Pese a ello, Mohamed subraya que el Gobierno local está actuando con “lealtad institucional”. Se han activado todos los recursos disponibles —humanos, materiales, logísticos— para que, cuando los traslados se autoricen, se hagan de forma segura y digna. Pero la pregunta que lanza al aire es directa: ¿cómo piensa el ministro Ángel Víctor Torres cumplir su compromiso de reubicar a 24 menores en diez días, cuando el sistema está paralizado?
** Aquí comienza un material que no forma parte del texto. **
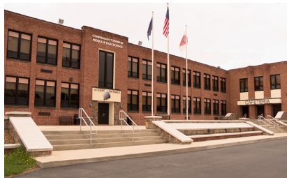
Happy 85th birthday Conemaugh Township!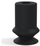
Variant reference: 91 10NI A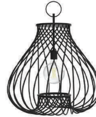
Pirouette III height 550 mm | diameter 540 mm weight 5kg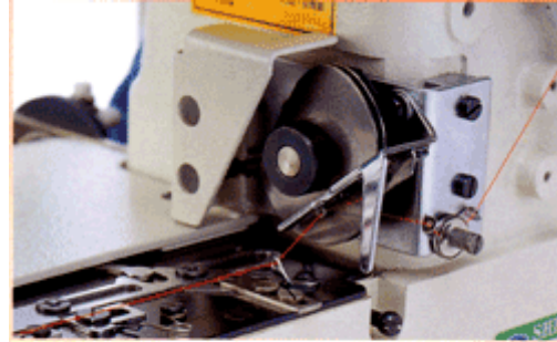
專利設計全新改良，可調換之底線供給機構不易絞線，降低故障率。 It's newly patented design for an adjusted the feeder structure of the lower ornament looper thread take up for prevented winding thread and to lower the percentage of the breakdown.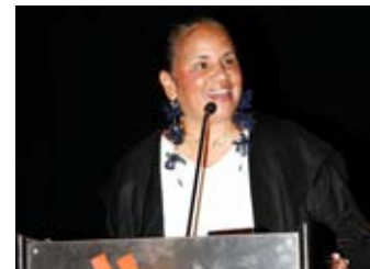
R6 Vice President of Programs and MC of the Awards Ceremony extending her welcome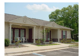
Wesley Scott Place

Wesley Park Apartments—Anniston, AL 1405 Crane Avenue, Anniston, AL 36201 / (256) 741-8666 56 rent-restricted independent living units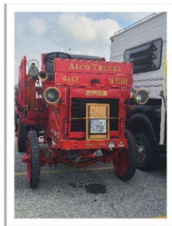
1912 Alco Truck. This truck, made by the famous Locomotive manufacturer is the only Alco truck known to be running.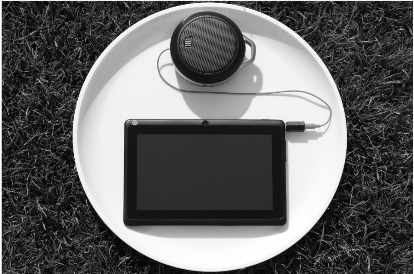
Figure 1. Close-up of a single unit, consisting of a small loudspeaker and a tablet computer.

was used to embed additional spatial effects, such as Doppler shift, reverberation, and variable comb filtering, into various individual sounds.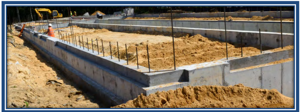
Construction of GAC project

“GAC is a forward-looking technology that will serve as an additional protective barrier against water contaminants and will help ensure that Brick Utilities continues to surpass potential drinking water standards going well into the future.”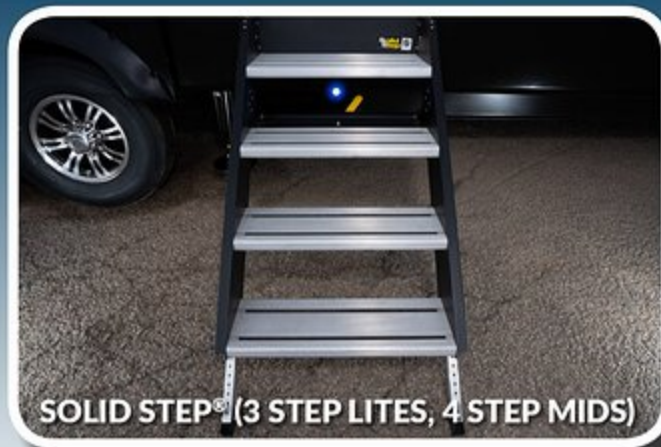
SOLID STEP (3 STEP LITES, 4 STEP MIDS)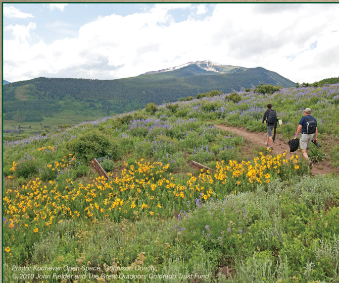
Kochevar Open Space, Gunnison County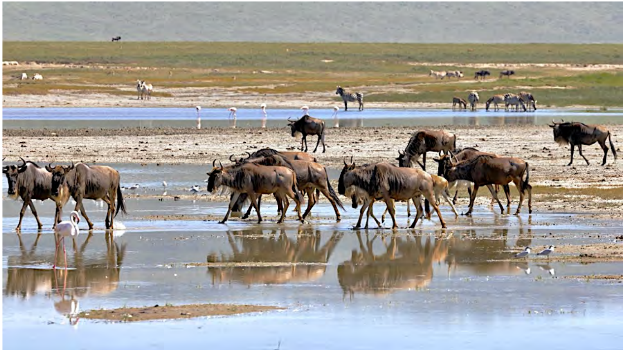
This tour visits some of East Africa's most iconic landscapes, and allows us to see many of the continent's natural wonders. Ngorongoro Crater is home to spectacular herds of Blue Wildebeest and Burchell's Zebra, as well as numerous species of birds.

We include here information for those interested in the 2025 Field Guides East Africa Highlights: Kenya & Tanzania tour: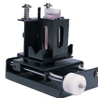
Adjustable Micro Cell Holder PART NO: 501-102

The CamSpec M209T has a large sample compartment that fits a selection of available accessories for automation and specific tests.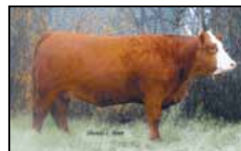
Lazy Bar B Simmentals '09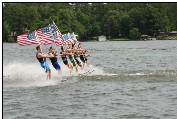
July 4th on Lake Jordan

HOBOS and Friends 4th Quarter HOBO meeting Monday, Oct. 26, 2015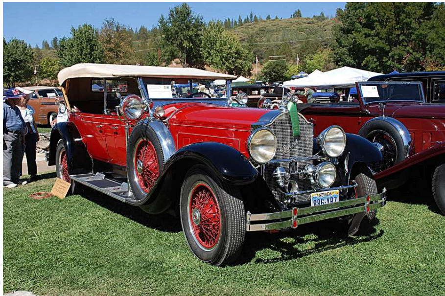
Ev & Gus Youngs' '29 640 phaeton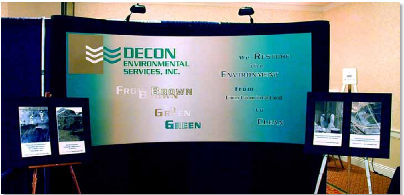
Tradeshow execution for SSHA 2007 (Interactive element not shown)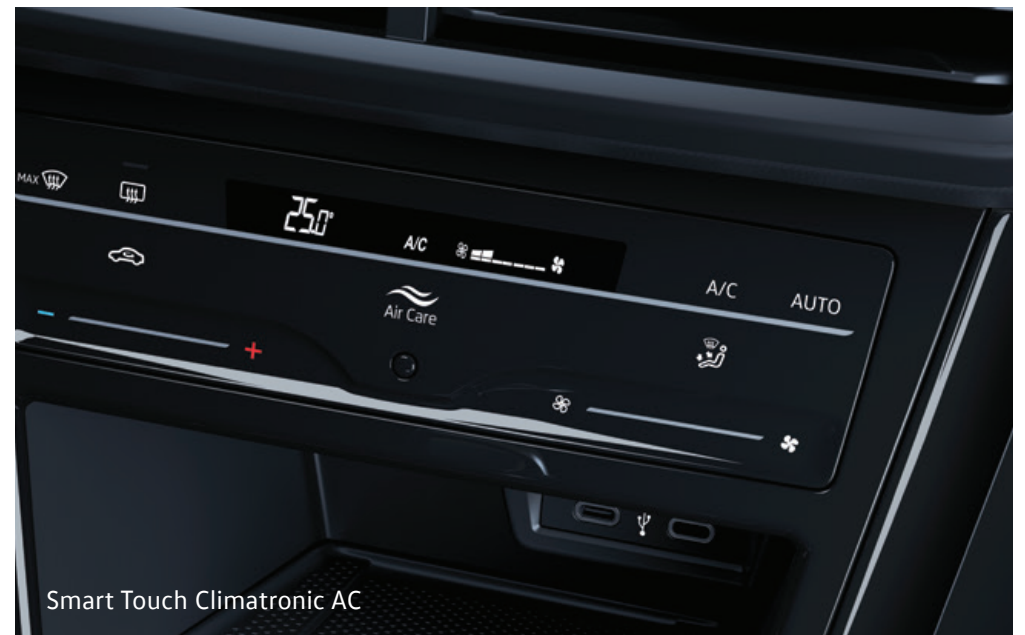
Smart Touch Climatronic AC

With a myriad of safety, convenience and connectivity features on board, the Virtus truly is a marvel of German-engineering.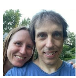
Together We love each other. We share values. We are beginning to garden life together, ...to replant our seedlings into one beautiful pot!

As a proud and caring educator and Jewish origami artist, I make, sell, teach and showcase the art form, all the while kindling creativity. Building a community with friends and family, students and teachers, and the little children of the future, is a love I cannot explain. Sparked by my Jewish roots, my aptitude in art, and joy in community, I value learning and social opportunities to grow and bond, above all with my soulmate.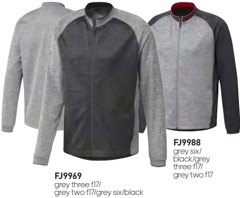
FJ9969 grey three fl7/ grey two fl7/grey six/black

MSRP: $90 • Sizes: S-2XL • 67% Recycled Polyester / 33% Polyester Doubleknit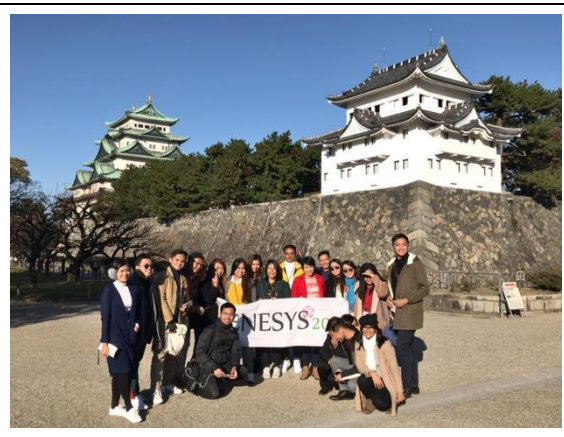
November, 30 【Japanese Culture observation】 Nagoya Castle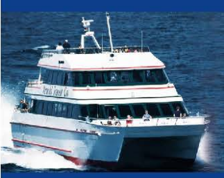
Mackinac Island Ferry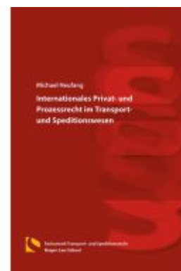
Internationales Privat- und Prozessrecht im Transport- und Speditionswesen Ladenpreis: 25,70EUR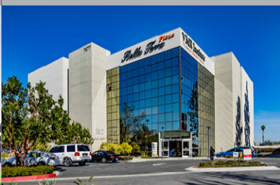
Bella Terra Medical Plaza 55,693 s.f. Huntington Beach, CA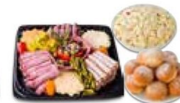
Deli Party Pack serves 20-24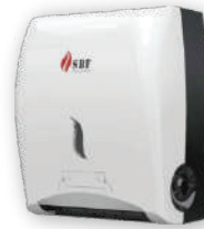
Model: HRT Auto Cut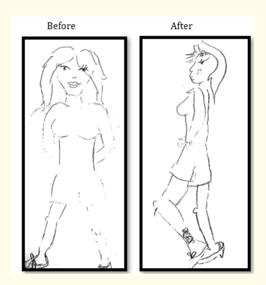
Figures 5 and 6: Representation of tattoos as an identity booster (body posture before and after being tattooed- the latter suggesting differentiation and identity).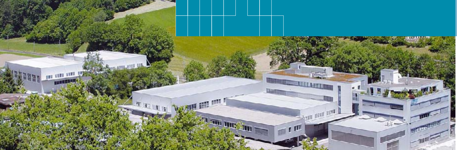
REMP's headquarters in Oberdiessbach, Switzerland

huge step for us. For this to happen effectively we have developed a clear structure to the product portfolio.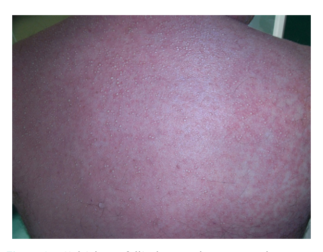
Figure 1 Multiple nonfollicular pustules on an erythematous, edematous base.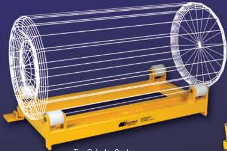
Ton Cylinder Scales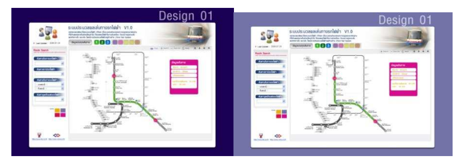
Fig. 5. The in-process screen design

The last suggestion made by users is to construct the information universal use, which is to make web site available in both Thai and English language as see the last adjustment in Fig. 6 below.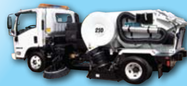
MODEL 210® Cabover Chassis

TYMCO REGENERATIVE AIR SWEEPERS are AQMD Rule 1186 Certified PM 10 -Efficient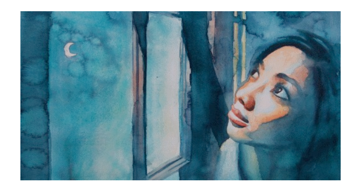
Perverse and foolish oft I strayed, But yet in love he sought me, And on his shoulder gently laid, And home, rejoicing, brought me. Hymn, The King of love my Shepherd is 1868.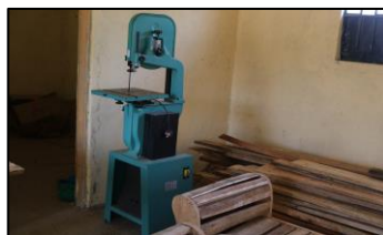
Picture above shows the new sewing machine for the tailoring course and band saw in the woodwork shop.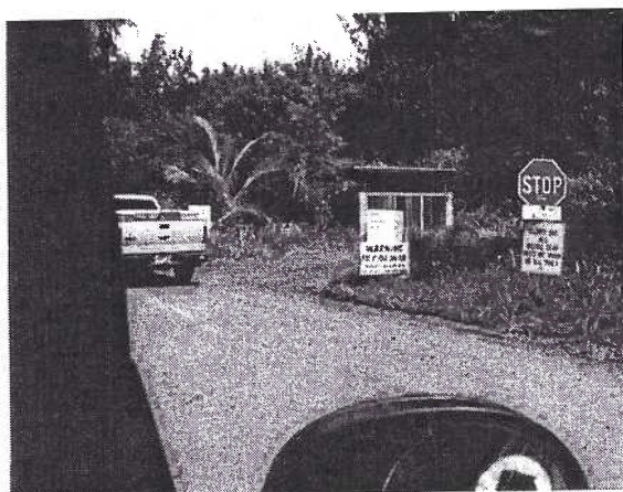
Non functional water pump at entrance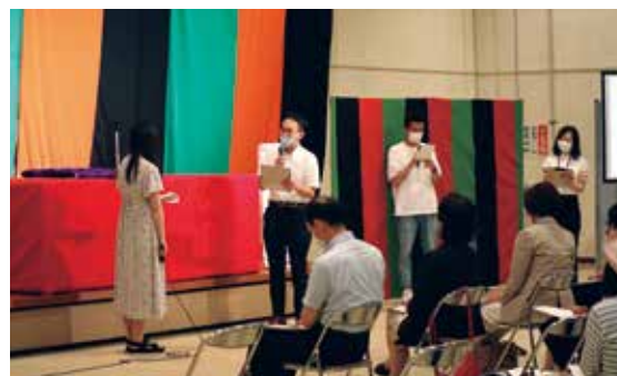
A Yasashii Nihongo skit. In pairs of Japanese and foreign residents, they performed skits about everyday life, such as helping someone who is lost.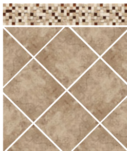
WALL DIAMOND PATTERN WITH ACCENT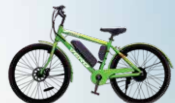
Model NO.: EB 26 AP75 Model NAME.: CREATION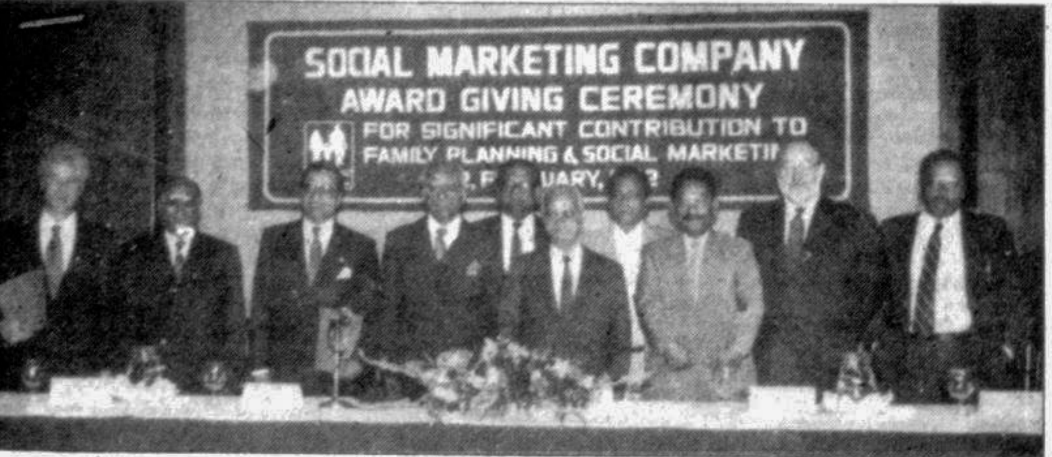
President Abdur Rahman Biswas is seen with recipients of award for significant contribution to Family Planning and Social Marketing at the award giving ceremony of the Social Marketing Company held at a local hotel on Sunday. Seen in the photo (from left to right) are: W R Goldman, USAID; M Mokammel Haque, MOHFW; Alamgir M A Kabir, FPAB; M Chowdhury, SMC; Nazmul Huq, DGFP and RL Ciszewski, PSI.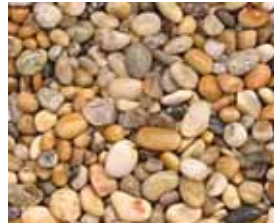
Golden Pea Gravel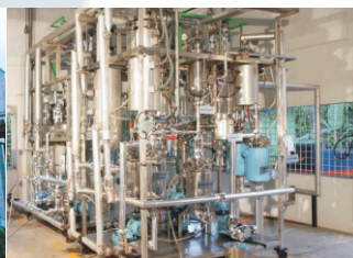
Pilot Plant at (MHRDC)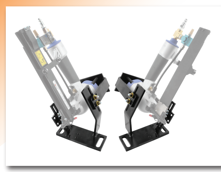
Angle Mounting System for X1 Body Style Tools (Left and Right)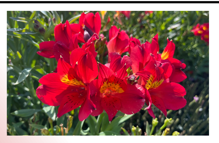
Photo 5. Alstroemeria 'Summer Heat' features fiery red flowers with yellow throats.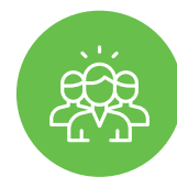
Personal and social capability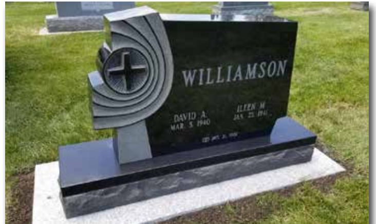
Companion P5 Upright - India Black With Starburst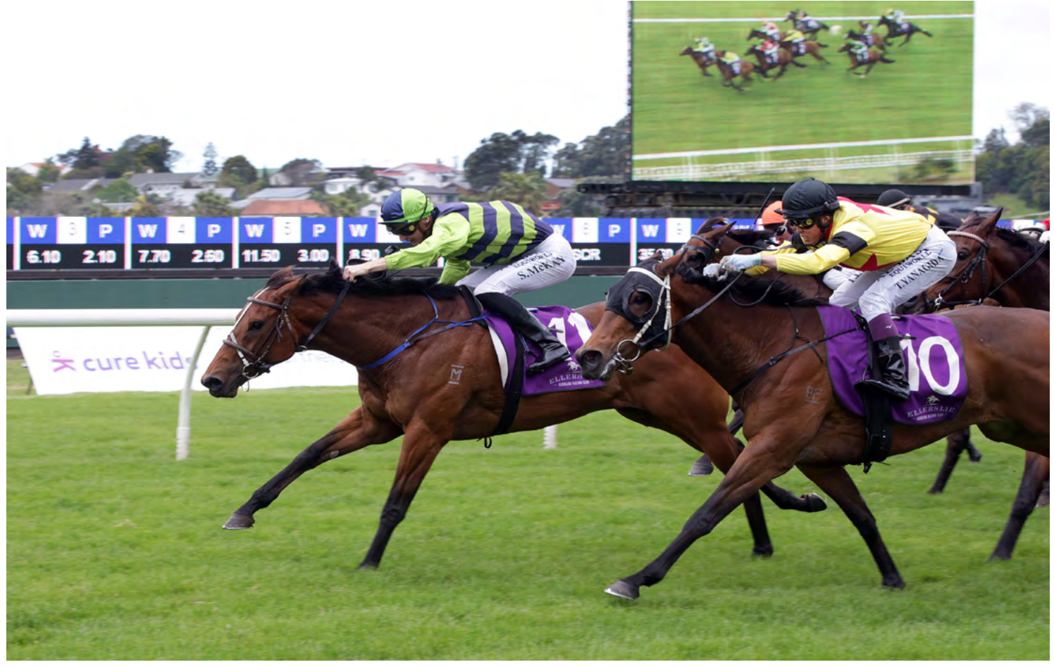
Yearn stretches impressively to claim victory at Ellerslie (Trish Dunell)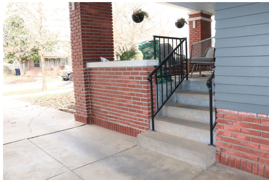
Paving Design Pattern Within Boundaries of the Porte-cochere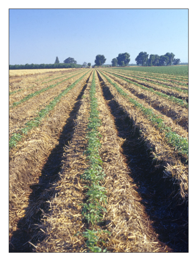
Figure 2. Strip-till transplanted fresh market tomatoes in wheat cover crop, Le Grand, California, 2001.

Minimum-till systems for tomatoes that rely on reduced-pass bed preparation and that disturb a far greater soil volume than is done in CT are discussed in a companion publication in this series, Minimum Tillage Vegetable Crop Production in California (Mitchell et al. 2004).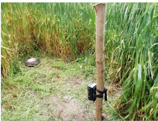
Infrared motion detector camera trap set in wheat field

Camera traps are effective non-invasive sensory methods used for rodent assessment for collecting vital data on taxonomy, biology, behaviour, and ecology. These motion-detection cameras will detect rodents as they move and capture the animals in video/picture with infrared vision for night activity.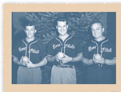
JOHN TYMA FUND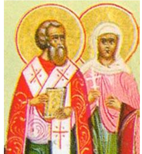
Hieromartyr Zenobius and his sister Zenobia, of Aegæ in Cilicia (285)

Let us honor with inspired hymns the two martyrs for truth: / the preachers of true devotion, Zenobius and Zenobia; as brother and sister they lived and suffered / together and through martyrdom received their incorruptible crowns.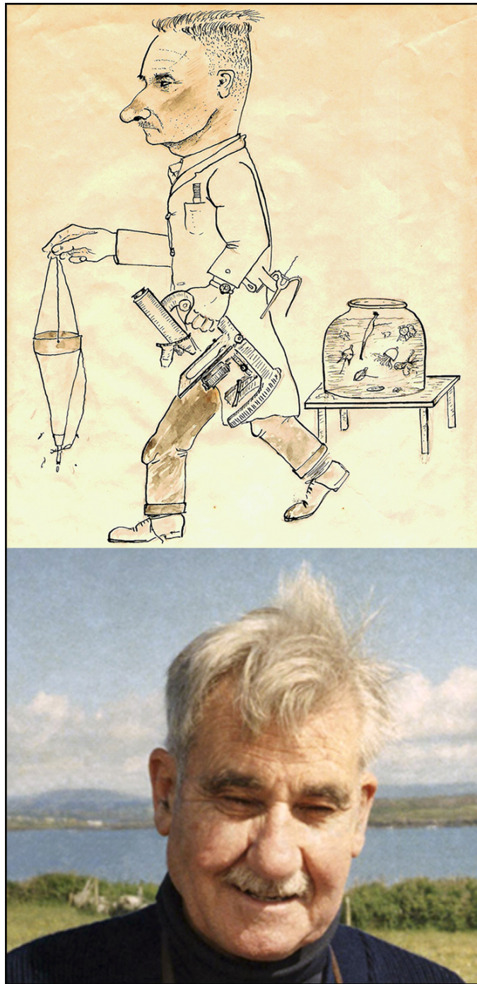
Fig. 1. Enrique Balech, as depicted by himself likely in the 1950's (a colored version given to Andrés Boltovskoy by Balech) and Balech in 1985 at conference on harmful algae in St. John's, NB, Canada.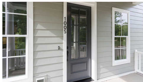
Example of completed Morris plan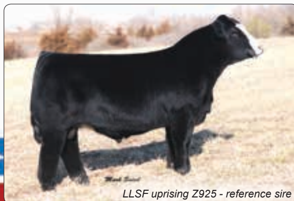
LLSF uprising Z925 - reference sire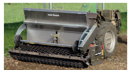
Uni-Rotary Harrow with drilling container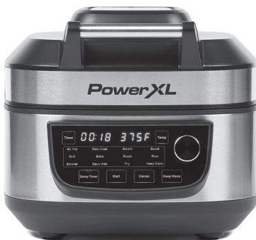
Model: MFC-AF-6 (6QT)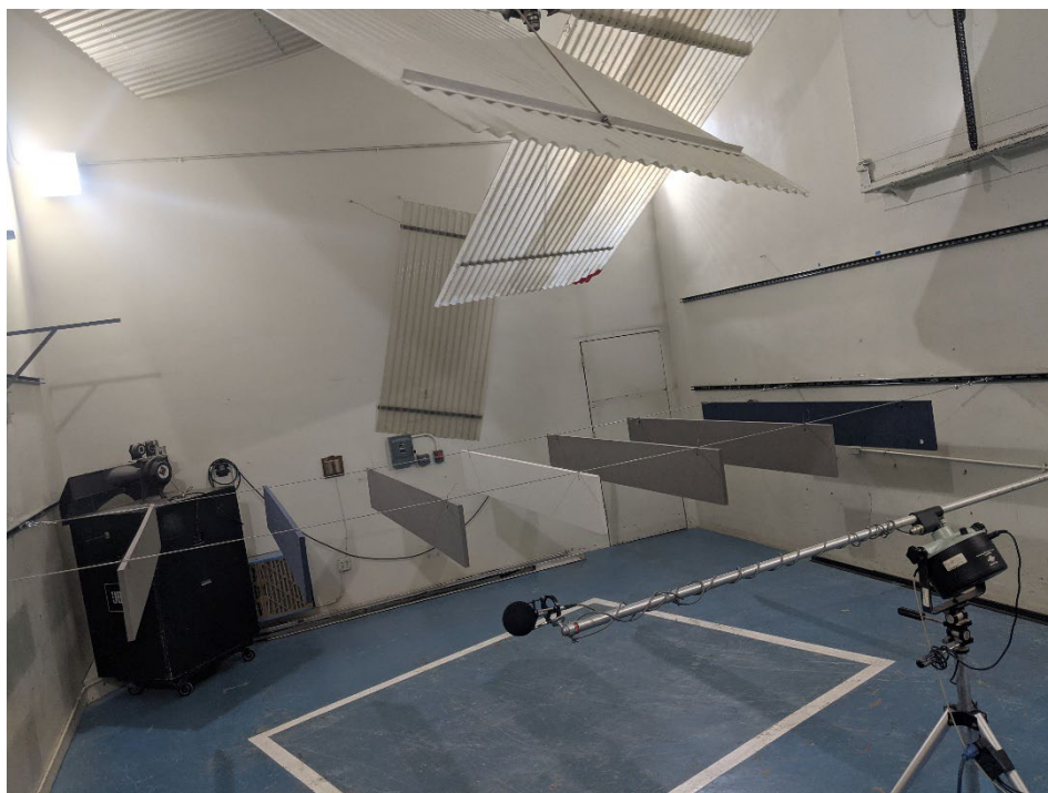
Figure 1 – Specimen mounted in test chamber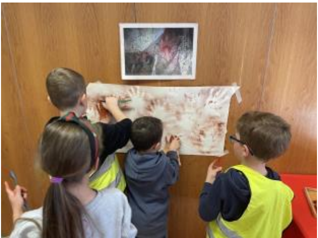
Year 3 have had a wonderful day learning about the Stone Age at Cresswell.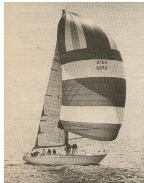
1975 Centennial Race winner Scaramouche, owned by Chuck Kirsch.

The 338 nautical mile biennial Trans Superior International Yacht Race may also lay claim for longest race on the Great Lakes. The race starts in the vicinity of Gros Cap Light in Whitefish Bay, near Sault Ste. Marie, Michigan, and finishes near the entrance to the Duluth Ship Canal in Duluth, Minnesota.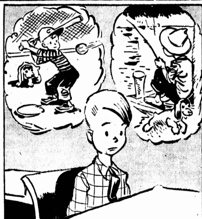
These are the times that try kids' souls— (Put down those bats and fishing poles.)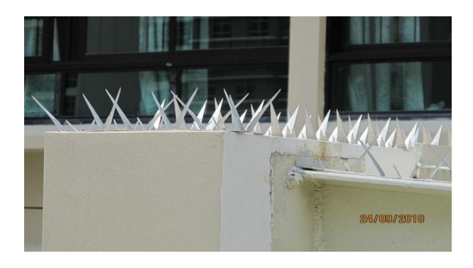
Anti-climbing spikes on Perimeter / parapet Spikes On Wall (Top) on Roof (below)

La crítica se vuelve estructural. Para Mohamed, el origen del problema está en el Real Decreto que regula el reparto. “No ofrece soluciones reales ni sostenibles”, afirma. Y lo que es más grave: excluye del reparto a dos de las comunidades más ricas del país, Cataluña y el País Vasco, lo que para la dirigente popular responde a “fines electoralistas”.

El PP de Melilla acata la norma, pero no la comparte. “Somos un gobierno serio”, remarca Mohamed, “pero seguimos denunciando que este RD es arbitrario y tiende a colapsar los sistemas de protección de algunos territorios”.

En Melilla, donde cada expediente migratorio es también una historia humana, el debate no es solo técnico. Es ético, institucional y urgente. Y mientras las cifras se estancan, la pregunta sigue sin respuesta: ¿quién vela realmente por los menores?